Data entries:
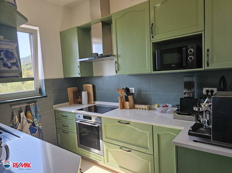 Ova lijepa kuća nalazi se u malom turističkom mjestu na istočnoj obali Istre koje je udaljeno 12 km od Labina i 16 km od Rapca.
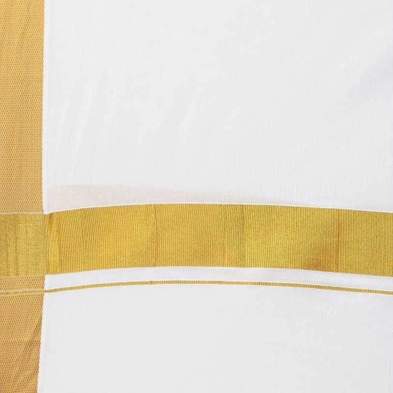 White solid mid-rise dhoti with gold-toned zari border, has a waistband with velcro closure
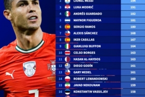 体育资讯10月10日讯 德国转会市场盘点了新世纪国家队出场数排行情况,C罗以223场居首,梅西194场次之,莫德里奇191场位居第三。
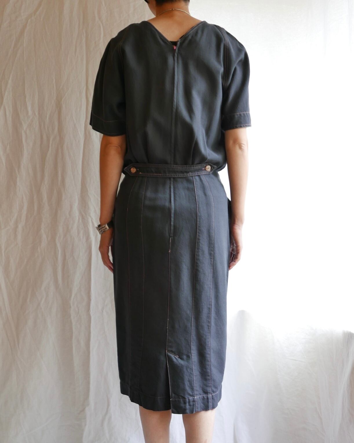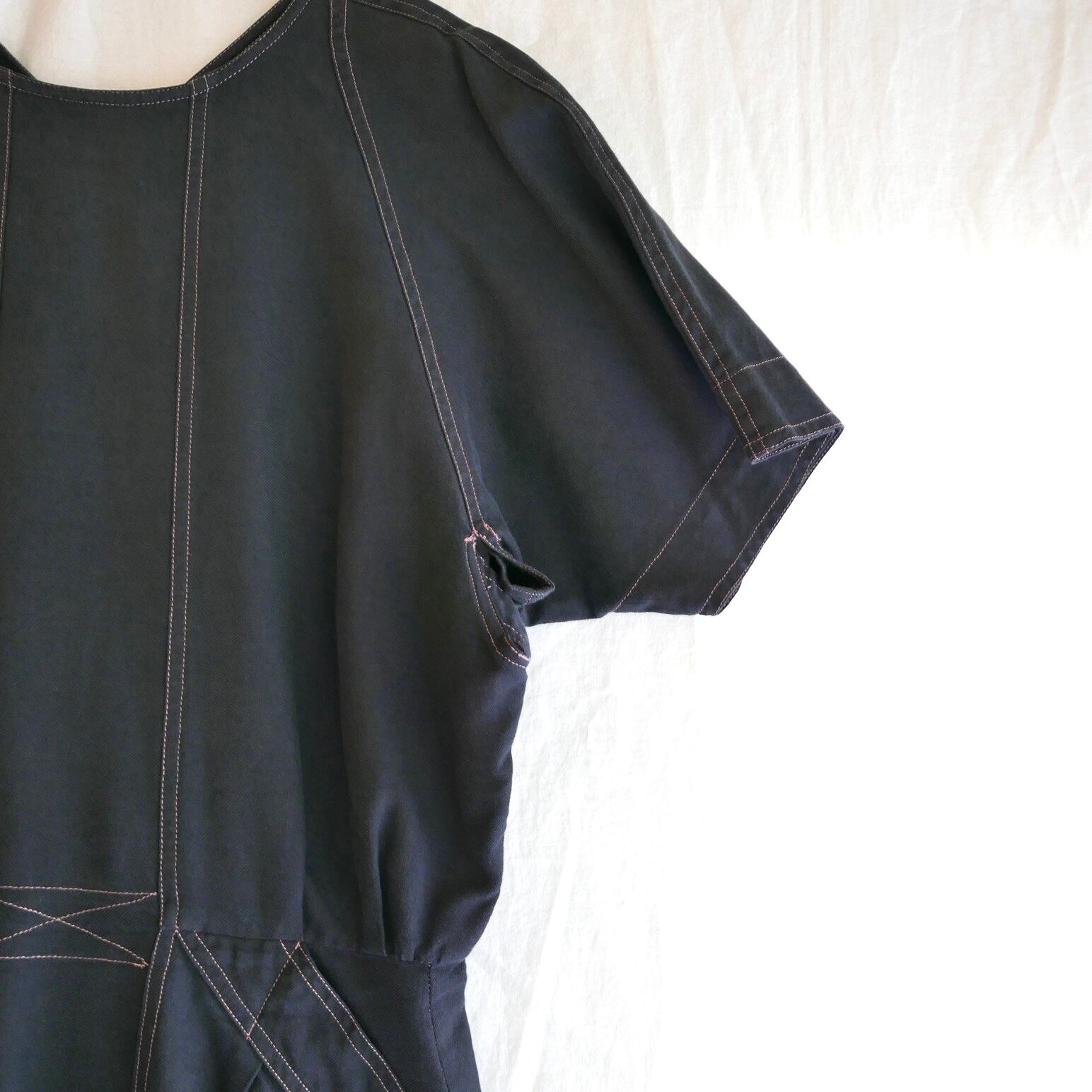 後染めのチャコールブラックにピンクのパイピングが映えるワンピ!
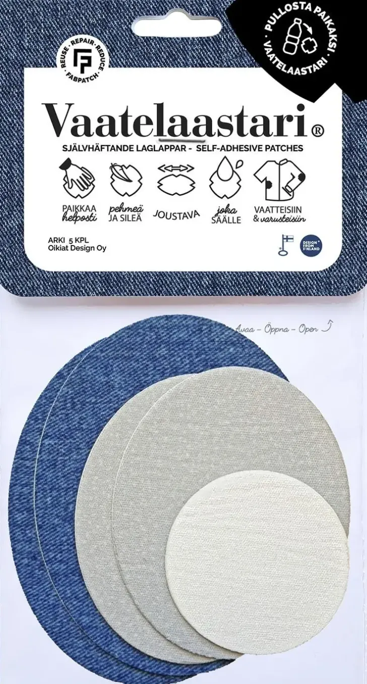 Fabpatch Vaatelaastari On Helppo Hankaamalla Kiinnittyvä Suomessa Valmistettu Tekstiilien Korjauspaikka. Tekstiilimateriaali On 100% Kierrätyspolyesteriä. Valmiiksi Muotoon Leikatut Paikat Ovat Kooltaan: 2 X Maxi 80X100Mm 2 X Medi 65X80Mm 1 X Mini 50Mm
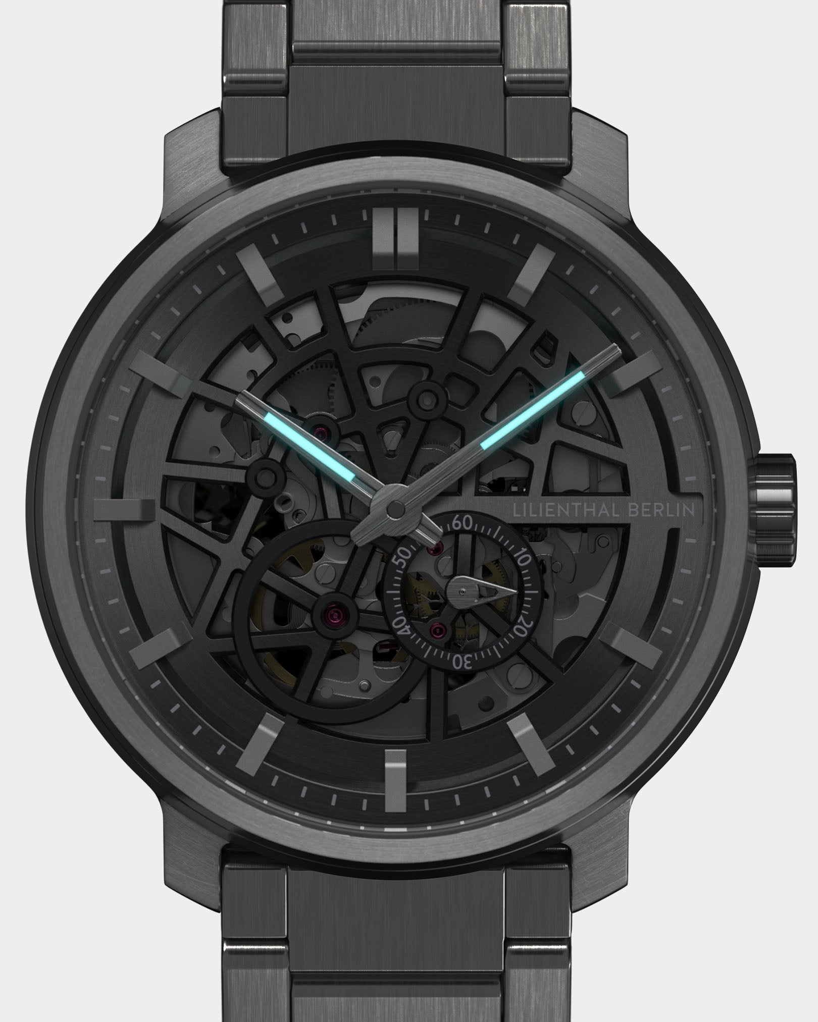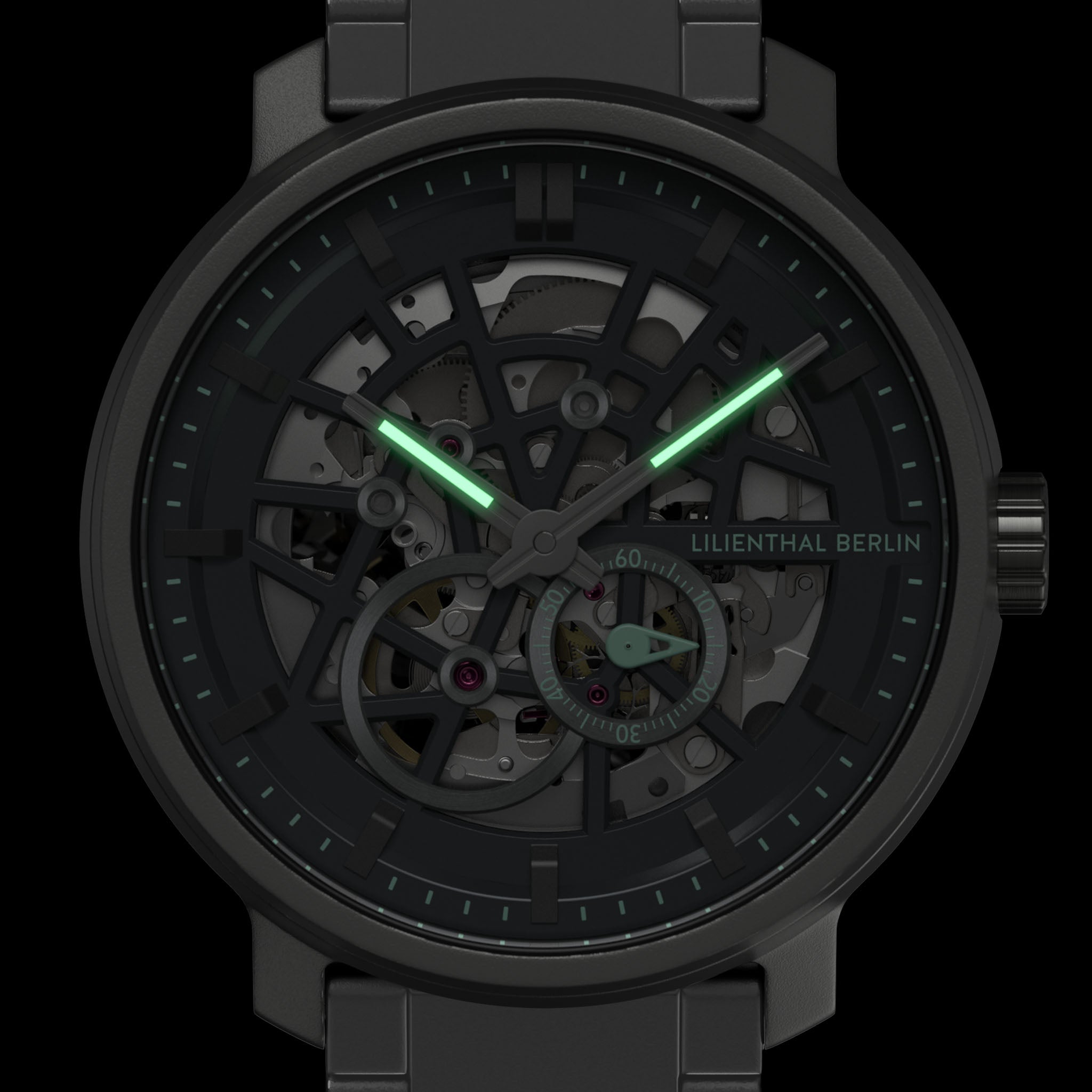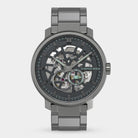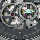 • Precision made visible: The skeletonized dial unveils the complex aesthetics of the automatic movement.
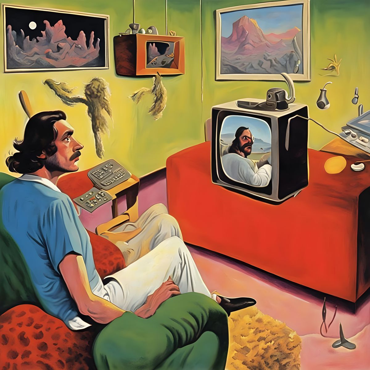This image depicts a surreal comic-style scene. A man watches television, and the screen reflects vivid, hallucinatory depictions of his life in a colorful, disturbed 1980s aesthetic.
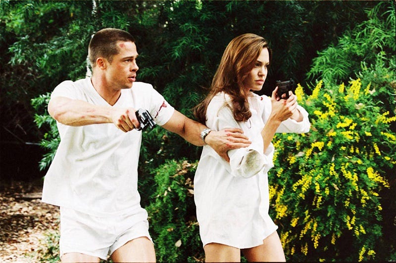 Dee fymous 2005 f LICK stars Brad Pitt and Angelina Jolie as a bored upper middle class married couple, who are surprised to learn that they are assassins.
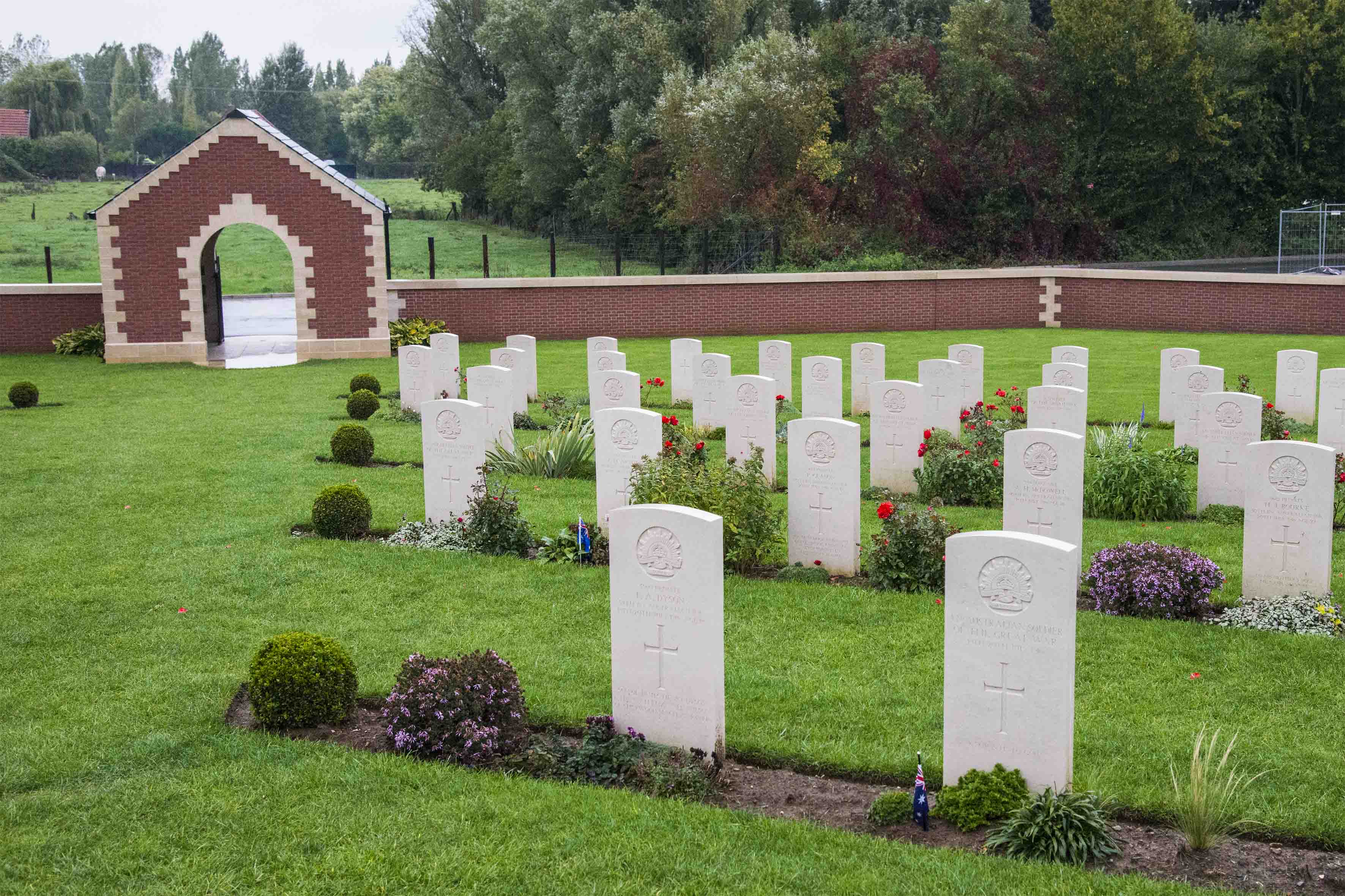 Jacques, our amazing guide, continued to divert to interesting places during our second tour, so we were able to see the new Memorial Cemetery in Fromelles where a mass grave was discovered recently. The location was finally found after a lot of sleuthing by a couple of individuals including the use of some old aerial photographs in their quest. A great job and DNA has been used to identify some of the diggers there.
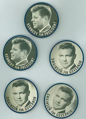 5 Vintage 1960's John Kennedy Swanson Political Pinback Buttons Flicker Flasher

What you should do - Your answer must be an exact copy of the records, free of images.

Answer space -
 Ova lijepa kuća nalazi se u malom turističkom mjestu na istočnoj obali Istre koje je udaljeno 12 km od Labina i 16 km od Rapca.
 White solid mid-rise dhoti with gold-toned zari border, has a waistband with velcro closure
 体育资讯10月10日讯 德国转会市场盘点了新世纪国家队出场数排行情况,C罗以223场居首,梅西194场次之,莫德里奇191场位居第三。
 後染めのチャコールブラックにピンクのパイピングが映えるワンピ!
 Fabpatch Vaatelaastari On Helppo Hankaamalla Kiinnittyvä Suomessa Valmistettu Tekstiilien Korjauspaikka. Tekstiilimateriaali On 100% Kierrätyspolyesteriä. Valmiiksi Muotoon Leikatut Paikat Ovat Kooltaan: 2 X Maxi 80X100Mm 2 X Medi 65X80Mm 1 X Mini 50Mm
 • Precision made visible: The skeletonized dial unveils the complex aesthetics of the automatic movement.
This image depicts a surreal comic-style scene. A man watches television, and the screen reflects vivid, hallucinatory depictions of his life in a colorful, disturbed 1980s aesthetic.
 Dee fymous 2005 f LICK stars Brad Pitt and Angelina Jolie as a bored upper middle class married couple, who are surprised to learn that they are assassins.
 Jacques, our amazing guide, continued to divert to interesting places during our second tour, so we were able to see the new Memorial Cemetery in Fromelles where a mass grave was discovered recently. The location was finally found after a lot of sleuthing by a couple of individuals including the use of some old aerial photographs in their quest. A great job and DNA has been used to identify some of the diggers there.
 5 Vintage 1960's John Kennedy Swanson Political Pinback Buttons Flicker Flasher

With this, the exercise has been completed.